In hyperbolic discounting, valuations fall very rapidly for small delay periods, but then fall
slowly for longer delay periods. This contrasts with exponential discounting, in which valuation
falls by a constant factor per unit delay, regardless of the total length of the delay. The standard
experiment used to reveal a test subject's discounting curve is to ask: "Would you prefer A today
or B tomorrow?" and then, "Would you prefer A in one year, or B in one year and one day?"
For example in studies of pigeons [1] the pigeon is given two buttons: button A provides a small
amount of food quickly while button B provides more seed but after a delay. The bird then
experiments for a while and settles on preferring A or B. With humans the typical experiment
might ask: 'Would you prefer a dollar today or three dollars (today vs. tomorrow) or (in one year
vs. in one year and one day)?" Typically, subjects will take less money today versus tomorrow,
but will gladly wait one extra day in a year in order to receive more money.[citation needed]
Subjects using hyperbolic discounting reveal a strong tendency to make choices that are
inconsistent over time. In other words, they make choices today that their future self would
prefer not to make, despite using the same reasoning. This dynamic inconsistency [2] happens
because hyperbolic discounts value future rewards much more than exponential discounting.
[edit]Observations
The phenomenon of hyperbolic discounting is implicit in Richard Herrnstein's "matching law,"
the discovery that most subjects allocate their time or effort between two non-exclusive, ongoing
sources of reward (concurrent variable interval schedules) in direct proportion to the rate and size
of rewards from the two sources, and in inverse proportion to their delays. That is, subjects'
choices "match" these parameters.
After the report of this effect in the case of delay (Chung and Herrnstein, 1967), George Ainslie
pointed out that in a single choice between a larger, later and a smaller, sooner reward, inverse
proportionality to delay would be described by a plot of value by delay that had a hyperbolic
shape, and that this shape should produce a reversal of preference from the larger, later to the
smaller, sooner reward for no other reason but that the delays to the two rewards got shorter. He
demonstrated the predicted reversal in pigeons[vague] (Ainslie, 1974).

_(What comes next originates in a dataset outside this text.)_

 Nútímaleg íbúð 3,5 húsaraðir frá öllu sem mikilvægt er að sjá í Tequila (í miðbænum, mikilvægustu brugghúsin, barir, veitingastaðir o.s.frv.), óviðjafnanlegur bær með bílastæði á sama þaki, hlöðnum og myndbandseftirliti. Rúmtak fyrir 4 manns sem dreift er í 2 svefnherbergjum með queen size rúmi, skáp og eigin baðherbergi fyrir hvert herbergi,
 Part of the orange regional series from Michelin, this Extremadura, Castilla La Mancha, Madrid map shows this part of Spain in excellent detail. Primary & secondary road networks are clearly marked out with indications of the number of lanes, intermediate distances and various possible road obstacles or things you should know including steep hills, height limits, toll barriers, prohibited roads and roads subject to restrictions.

A large number of subsequent experiments have confirmed that spontaneous preferences by both
human and nonhuman subjects follow a hyperbolic curve rather than the conventional,
"exponential" curve that would produce consistent choice over time (Green et al., 1994; Kirby,
1997). For instance, when offered the choice between $50 now and $100 a year from now, many
people will choose the immediate $50. However, given the choice between $50 in five years or
$100 in six years almost everyone will choose $100 in six years, even though that is the same
choice seen at five years' greater distance.
Hyperbolic discounting has also been found to relate to real-world examples of self control.

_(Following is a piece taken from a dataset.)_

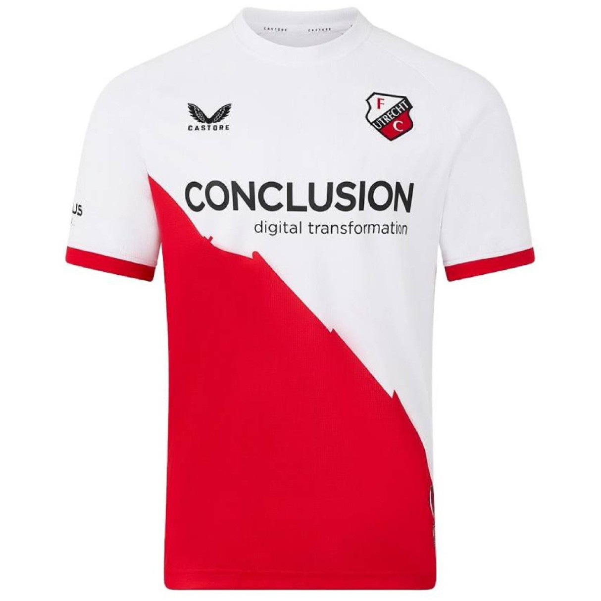 Het FC Utrecht thuisshirt 2023-2024 heeft het iconische, diagonale half-om-half design. De rechterkant en de onderkant zijn rood en de linkerkant en bovenkant zijn wit. Beide delen worden gescheiden door een diagonale baan van de rechter oksel naar de linker onderkant. Op de voorkant van het thuisshirt is ook een speciaal ''pulse'' patroon verwerkt, geïnspireerd door de hartslag van Utrecht, het bruisende middelpunt van Nederland. Daarnaast is deze print een verwijzing naar de geluidsgolven van de supporters, die de club als twaalfde man aanmoedigen in het Galgenwaard. Het voetbalshirt heeft een ronde hals met twee rode lijnen en een dunne, witte lijn. Dit design komt ook weer terug in de band aan de onderkant van de mouwen. Het voetbalshirt bevat ook nog een aantal details. Op de linker onderkant prijkt een icoon van de Domtoren en in de nek op de achterzijde van het voetbalshirt staan de logo's van de clubs waaruit FC Utrecht is ontstaan: DOS, USV Elinkwijk en Velo. De rechterborst bevat het logo van Castore de linkerborst het clublogo en op het midden van het voetbalshirt staat hoofdsponsor T-Mobile. De linkermouw is uitgerust met het logo van U4U, een initiatief van de club om mensen te begeleiden op de arbeidsmarkt. Het FC Utrecht thuistenue 2023-2024 wordt compleet gemaakt door een rood voetbalbroekje en rood/witte kousen.

Indeed, a variety of studies have used measures of hyperbolic discounting to find that drug-
dependent individuals discount delayed consequences more than matched nondependent
controls, suggesting that extreme delay discounting is a fundamental behavioral process in drug
dependence (e.g., Bickel & Johnson, 2003; Madden et al., 1997; Vuchinich & Simpson, 1998).
Some evidence suggests pathological gamblers also discount delayed outcomes at higher rates
than matched controls (e.g., Petry & Casarella, 1999). Whether high rates of hyperbolic
discounting precede addictions or vice-versa is currently unknown, although some studies have
reported that high-rate discounting rats are more likely to consume alcohol (e.g., Poulos et al.,
1995) and cocaine (Perry et al., 2005) than lower-rate discounters. Likewise, some have
suggested that high-rate hyperbolic discounting makes unpredictable (gambling) outcomes more
satisfying (Madden et al., 2007).
The degree of discounting is vitally important in describing hyperbolic discounting, especially in
the discounting of specific rewards such as money. The discounting of monetary rewards varies
across age groups due to the varying discount rate. (Green, Frye, and Myerson, 1994). The rate
depends on a variety of factors, including the species being observed, age, experience, and the
amount of time needed to consume the reward (Lowenstein and Prelec, 1992; Raineri and
Rachlin, 1993).
[edit]Mathematical model
where f(D) is the discount factor that multiplies the value of the reward, D is the delay in the
reward, and k is a parameter governing the degree of discounting. This is compared with the
formula for exponential discounting:
fE(D) = e− kD
[edit]Quasi-hyperbolic approximation
The "quasi-hyperbolic" discount function, which approximates the hyperbolic discount function
above, is given (in discrete time) by
fQH(0) = 1, and fQH(D) = β * δD,
where β and δ are constants between 0 and 1; and again D is the delay in the reward, and f(D)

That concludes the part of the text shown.